Now lemme get to the point. My initial reaction the the 2.6C benchmarks at 3.5GHz were wow.. Nice memory bandwith and Sandra scores. But that's were it ended. I decided to compare my 2.8b at 3.5GHz (668MHz bus speed) to the 2.6C at 3.5GHz (1080 bus speed). Hyper threading was enabled on the 2.6C. Memory speed were the same with the same timings. Of course in Sandra memory and CPU benchmarks the 2.6C easily beat the 2.8b. When when it came to 3dmark2001 SE, Super PI, Prime 95 benchmark, PCmark2002 memory and a few other benchmarks, the 2.6C at 3.5GHz lost every benchmark to the 2.8b at 3.5GHz.
My initial reaction was something is wrong, how can the 2.8b win every test? The 2.6C has SO much more memory bandwith, A huge lead in bus speed, and Hyper threading. So I reinstalled windows xp and did a round 2.. again the 2.8b won all the REAL world test, expect Sandra. I was ****ed and confused. Alteast you'd think they'be be equal, but the 2.6C loose by up to 5% is a disturbing.
when I first heard of the 800MHz bus speed chips I was like wow, what a big jump, I wonder how they did it. well I think I know.. When I compared Super Pi, Prime 95 benchmark PCmark memory, and other latecny influcene tests the 2.6C was slower. My verdict is that the C chips have a increased latency than the B chips. Even though the C chip had a 1500MB/s lead in the memory benchamarks in Sandra it didn't win one test other than that. I'm sure intel had to do this in order to get the chips to run stable at 800MHz or more, not to mention the motherboards running over 1GHz.
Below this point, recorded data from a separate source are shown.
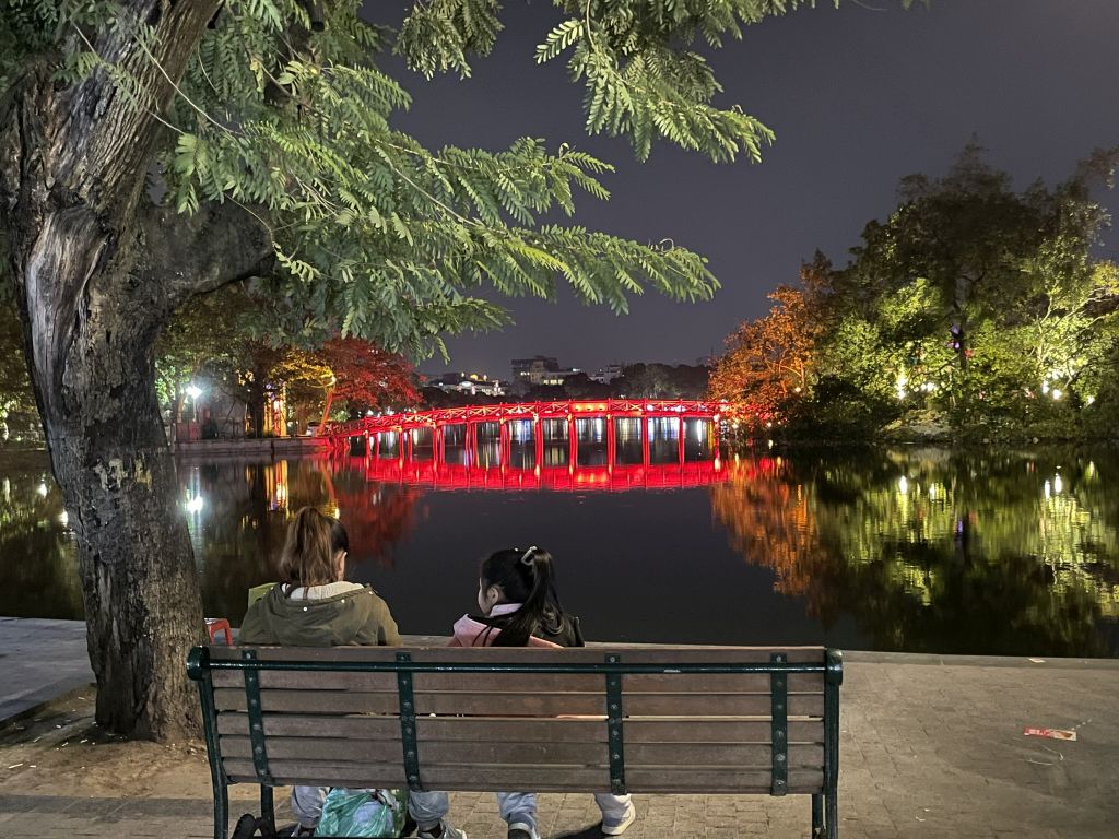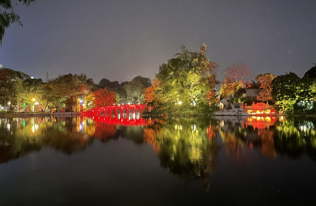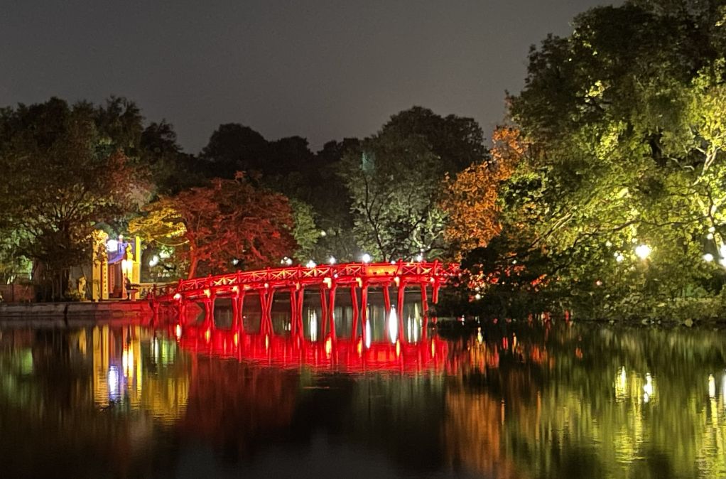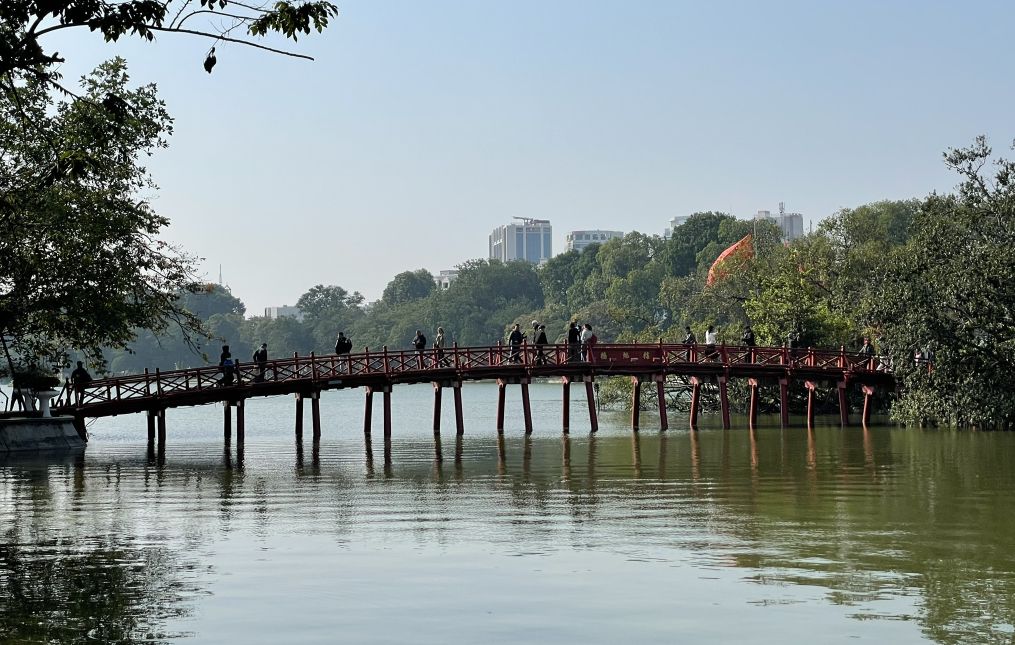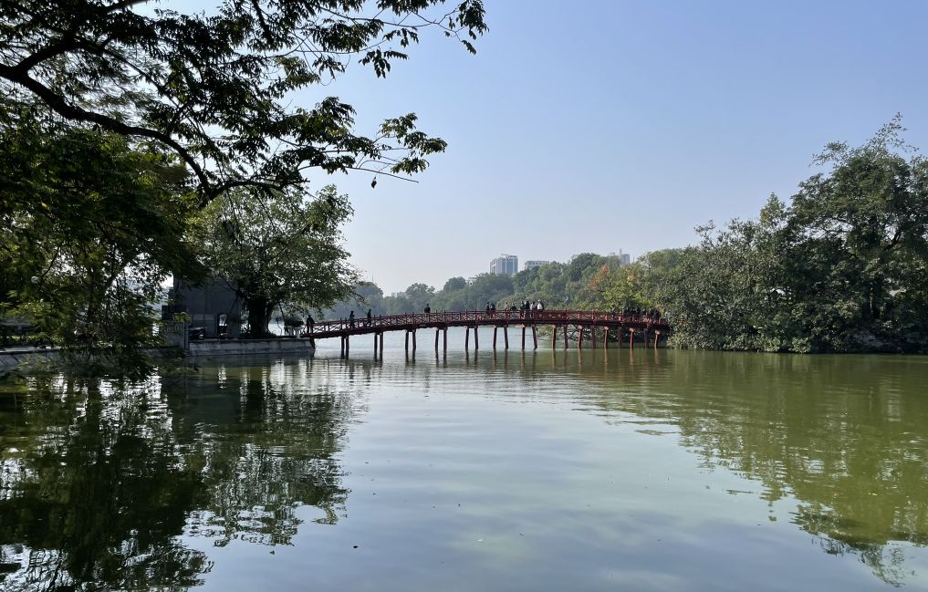 Thê Húc Bridge is a foot bridge over Hoàn Kiếm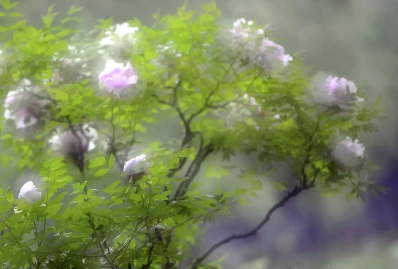 點評:霧非霧,花非花,虛實變化讓畫面產生了很強的朦朧感,淡淡的粉色點綴著新綠,給觀者以清新自然的感覺,似乎聞到了晨露的味道與花的香氣。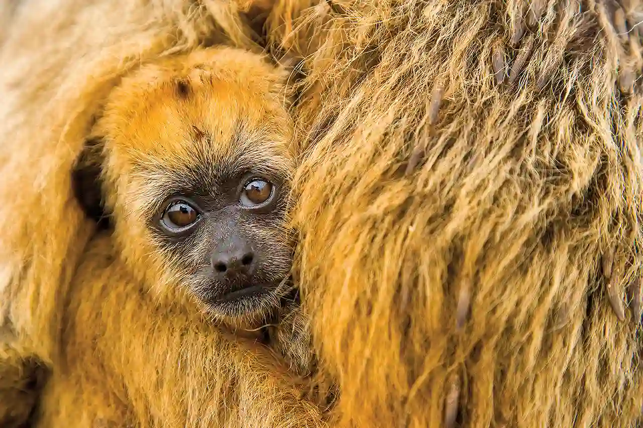 图片描述:一只黑金(black-and-gold)小吼猴(howler monkey)被它的妈妈紧紧抱着

So I'm getting rid of the 2.6C and keeping my trusty old 2.8B.
I'm not saying the Pentium 4 C chips sucks or anything, I'm saying if you have a Pentium 4 b chip, keep it till prescott comes out because the only difference you'll see in will be in Sandra, and Personally I think Sandra doesn't mean anything. It's synthetic.
Could you post your numbers for super pi, prime95 and pcmark with the 533mhz cpu?
Overclocker456
07-12-03, 04:34 AM
Originally posted by Mark Larson
I've said it once, i've said it a million times. And people all over the web back up what i say. Hyperthreading DOES NOT give you another CPU. Just because you see another CPU in the Task Manager doesn't mean that another CPU magically appears in the system. Definitely not like a dual AthlonMP or dual Xeon.
All HT does is increase the efficiency with which the pipeline is fed. That is all.
Well said Mark..:p
NookieN
07-12-03, 04:46 AM
Originally posted by Mark Larson
I've said it once, i've said it a million times. And people all over the web back up what i say. Hyperthreading DOES NOT give you another CPU. Just because you see another CPU in the Task Manager doesn't mean that another CPU magically appears in the system. Definitely not like a dual AthlonMP or dual Xeon.
All HT does is increase the efficiency with which the pipeline is fed. That is all.
Yes Hyperthreading does not give you two physical CPUs. However I disagree that it only increases the "efficiency with which the pipeline is fed." Saying that implies that HT is speeding up the micro-op decoder or reducing cache misses. If anything, the opposite of those happens with HT.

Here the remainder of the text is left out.